(Records contained in a dataset)
+-------+
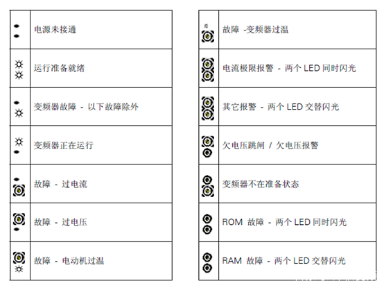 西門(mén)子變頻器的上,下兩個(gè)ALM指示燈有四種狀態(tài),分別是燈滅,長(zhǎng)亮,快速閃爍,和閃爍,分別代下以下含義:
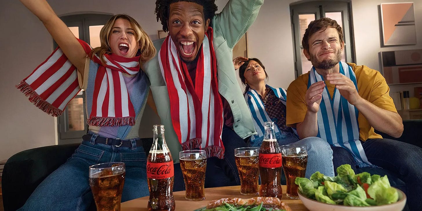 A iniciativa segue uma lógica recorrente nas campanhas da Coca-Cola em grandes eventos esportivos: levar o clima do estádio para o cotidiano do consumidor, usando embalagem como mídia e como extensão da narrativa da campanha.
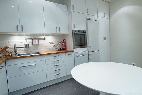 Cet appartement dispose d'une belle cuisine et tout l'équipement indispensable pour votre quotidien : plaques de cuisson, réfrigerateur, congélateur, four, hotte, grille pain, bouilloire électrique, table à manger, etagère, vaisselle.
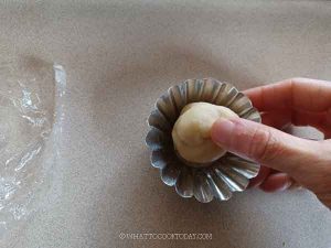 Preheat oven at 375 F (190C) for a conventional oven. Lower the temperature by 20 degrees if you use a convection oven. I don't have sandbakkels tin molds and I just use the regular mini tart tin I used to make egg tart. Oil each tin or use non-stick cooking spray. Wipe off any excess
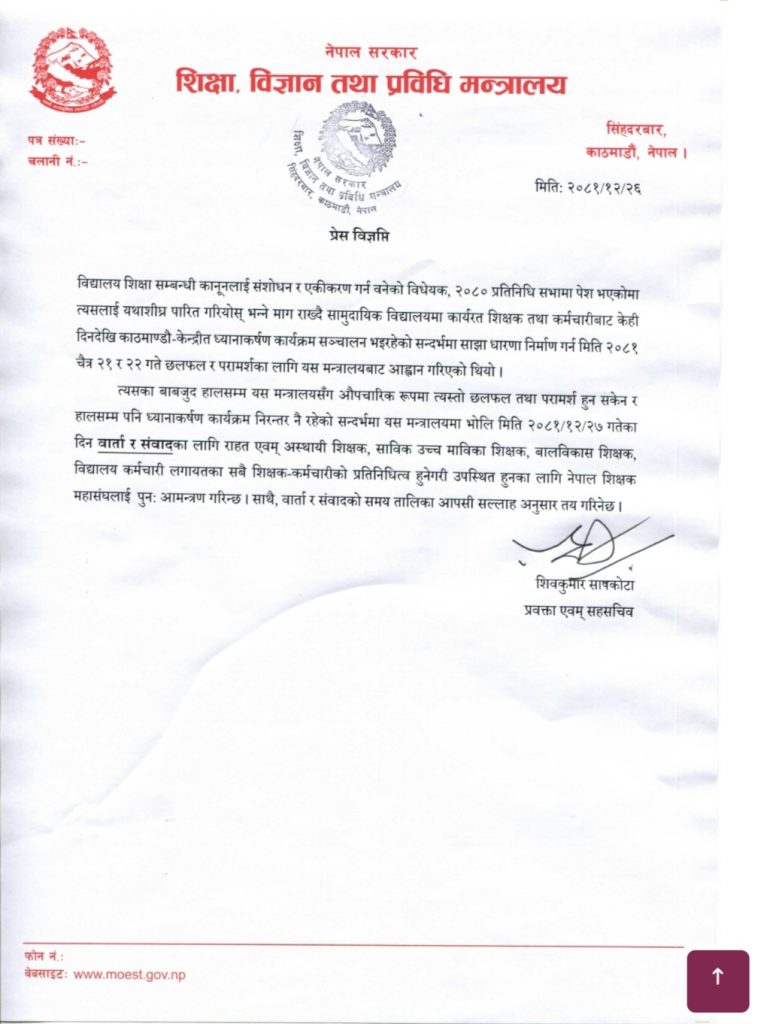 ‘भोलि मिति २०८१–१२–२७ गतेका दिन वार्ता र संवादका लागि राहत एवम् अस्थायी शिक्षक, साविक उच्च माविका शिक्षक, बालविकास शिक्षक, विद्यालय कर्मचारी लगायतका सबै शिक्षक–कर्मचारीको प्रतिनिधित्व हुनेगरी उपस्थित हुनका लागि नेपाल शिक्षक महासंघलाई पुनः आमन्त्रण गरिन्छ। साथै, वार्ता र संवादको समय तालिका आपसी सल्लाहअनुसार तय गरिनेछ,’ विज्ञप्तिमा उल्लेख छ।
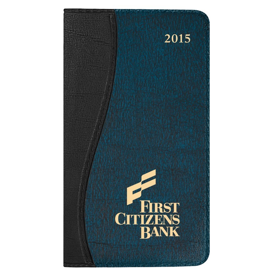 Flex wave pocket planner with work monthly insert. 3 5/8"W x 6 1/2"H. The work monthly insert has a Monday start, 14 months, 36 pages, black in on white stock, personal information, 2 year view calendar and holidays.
+-------+
Problem: A faithful copy of all the data above, without its pictures, is the expected result.

Task output:
 西門(mén)子變頻器的上,下兩個(gè)ALM指示燈有四種狀態(tài),分別是燈滅,長(zhǎng)亮,快速閃爍,和閃爍,分別代下以下含義:
 A iniciativa segue uma lógica recorrente nas campanhas da Coca-Cola em grandes eventos esportivos: levar o clima do estádio para o cotidiano do consumidor, usando embalagem como mídia e como extensão da narrativa da campanha.
 Cet appartement dispose d'une belle cuisine et tout l'équipement indispensable pour votre quotidien : plaques de cuisson, réfrigerateur, congélateur, four, hotte, grille pain, bouilloire électrique, table à manger, etagère, vaisselle.
 Preheat oven at 375 F (190C) for a conventional oven. Lower the temperature by 20 degrees if you use a convection oven. I don't have sandbakkels tin molds and I just use the regular mini tart tin I used to make egg tart. Oil each tin or use non-stick cooking spray. Wipe off any excess
 ‘भोलि मिति २०८१–१२–२७ गतेका दिन वार्ता र संवादका लागि राहत एवम् अस्थायी शिक्षक, साविक उच्च माविका शिक्षक, बालविकास शिक्षक, विद्यालय कर्मचारी लगायतका सबै शिक्षक–कर्मचारीको प्रतिनिधित्व हुनेगरी उपस्थित हुनका लागि नेपाल शिक्षक महासंघलाई पुनः आमन्त्रण गरिन्छ। साथै, वार्ता र संवादको समय तालिका आपसी सल्लाहअनुसार तय गरिनेछ,’ विज्ञप्तिमा उल्लेख छ।
 Flex wave pocket planner with work monthly insert. 3 5/8"W x 6 1/2"H. The work monthly insert has a Monday start, 14 months, 36 pages, black in on white stock, personal information, 2 year view calendar and holidays.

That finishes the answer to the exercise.